Titanic: Adventure Out of Time is an open-ended first-person adventure game set on the doomed maiden voyage of the HMS Titanic. The player takes the role of Frank Carlson, a disgraced British secret service agent. His career having ended after he failed in a mission on board the HMS Titanic, he now lives in a small apartment, surrounded by mementos of his past. Somehow, however, Carlson is thrown backward into his past to April of 1912, giving the player an opportunity to change the events on board the doomed ship. While the player is not able to avert the sinking of the Titanic, they are able to influence not only Frank’s timeline but that of the other passengers on board the ship and, indeed, the progression of subsequent human history. As a result, details of the game’s plot are affected by the player’s actions, which can result in one of any number of significant or minutely different endings.
The game is a puzzle-solving adventure game which utilizes a simple, point-and-click system in order for the player to interact with the world. While the game is played in the form of a traditional adventure game, it expands on this established system by constructing its game play around the idea of a continuous, transitory world. While the player still progresses through the game primarily through solving puzzles and interacting with other characters it presents these interactions as taking place within an active, malleable world. Characters, for instance, periodically move about the ship, and can be found in different portions of the ship during different times of day as they pursue their lives apart from the player.
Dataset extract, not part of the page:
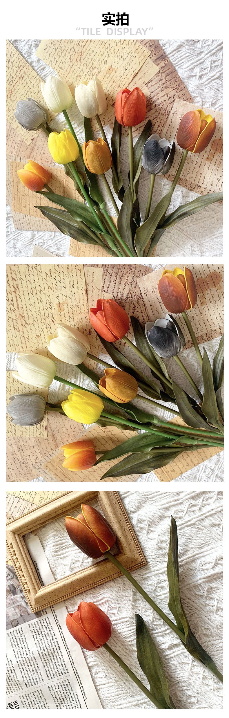 莫兰迪轻奢郁金香单只假花PU仿真花束婚庆酒店装饰新娘手捧花批发
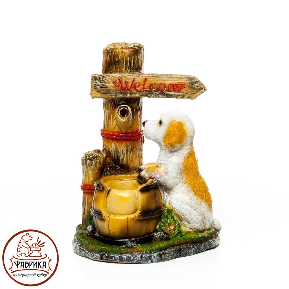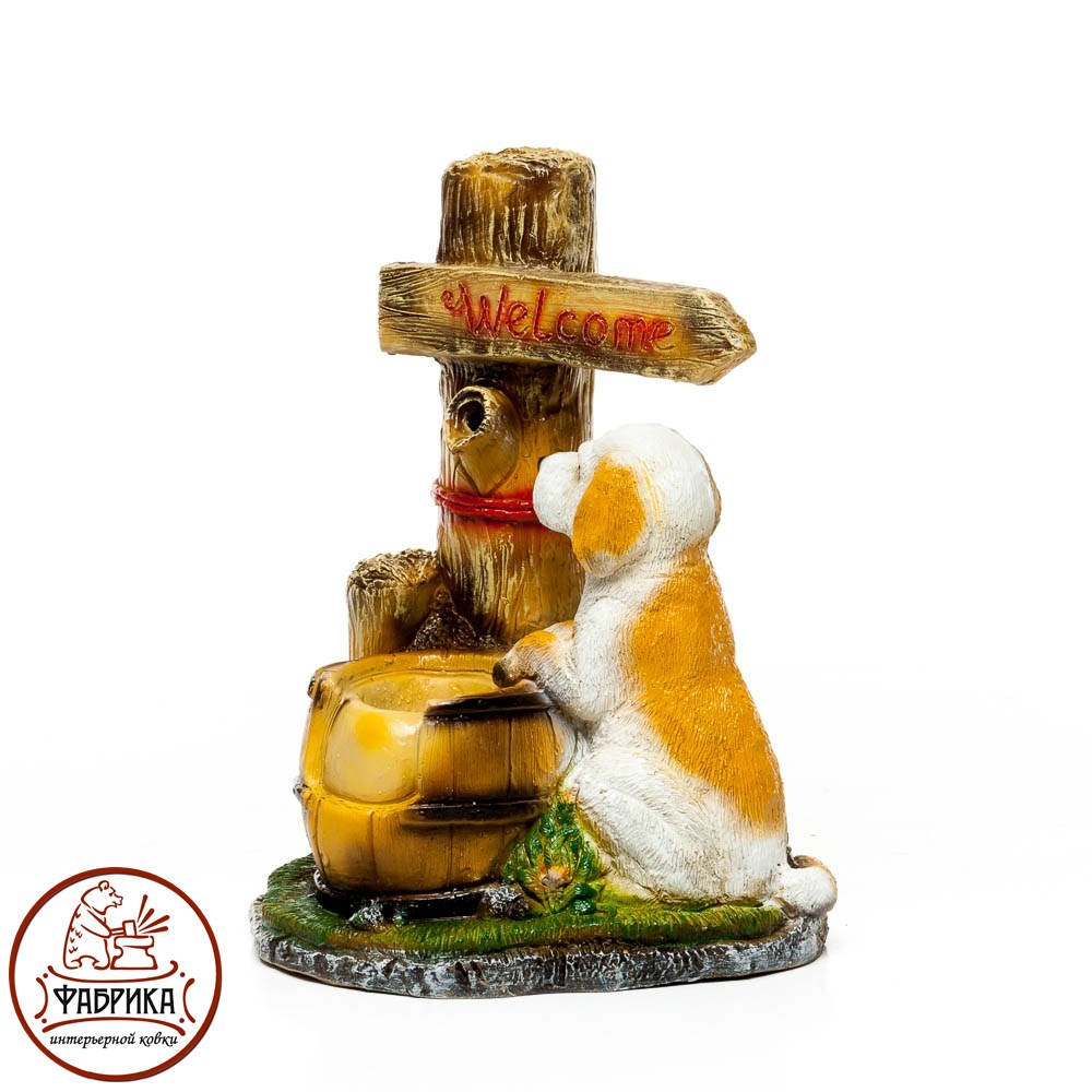 Декоративный фонтан с собачкой изготовлен из полистоуна. Работает от сети 220v. Фонтаны оснащен помпой, с помощью которой происходит циркуляция воды. Для установки и подключения необходимы электричество и вода.

Puzzles are similarly tied to this progression of time, and players may choose to pursue plot lines how ever they think is best, influencing both the plot and other puzzles within the game, allowing them to completely overlook or pass over entire puzzles and story points. Early in the game, for instance, the player is asked to locate an item hidden by another character. If they’re able to discover its location early enough, they can take the item from its hiding spot before someone else does. If they’re sidetracked by other characters within the world, or in some other way too slow in locating the object, the hiding spot will be empty and the plot will accommodate this development. It is important to note, however, that the game does not progress in real-time as other adventures, such as The Last Express, do. Rather, time progresses due to the player solving a puzzle or in some other way advancing the game.
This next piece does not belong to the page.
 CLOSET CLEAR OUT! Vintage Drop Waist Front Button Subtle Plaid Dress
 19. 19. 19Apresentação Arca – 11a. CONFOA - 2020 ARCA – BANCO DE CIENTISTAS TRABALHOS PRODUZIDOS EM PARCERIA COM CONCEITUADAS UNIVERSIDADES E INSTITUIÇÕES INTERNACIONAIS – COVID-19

In addition to the traditional puzzles within the game, there are also mini-games which the player can participate in either for fun or to influence the plot, such as poker and fencing.
The game is presented using 3D graphics, although the player still moves through the game by shifting from screen to screen, similar in style to the movement found in other adventure titles such as Riven. The bottom of the screen features a nautically-themed interface featuring a life preserver (the menu), a pocket watch (which represents the in-game time), a rolled piece of parchment (a map of the ship), and a leather case (the inventory).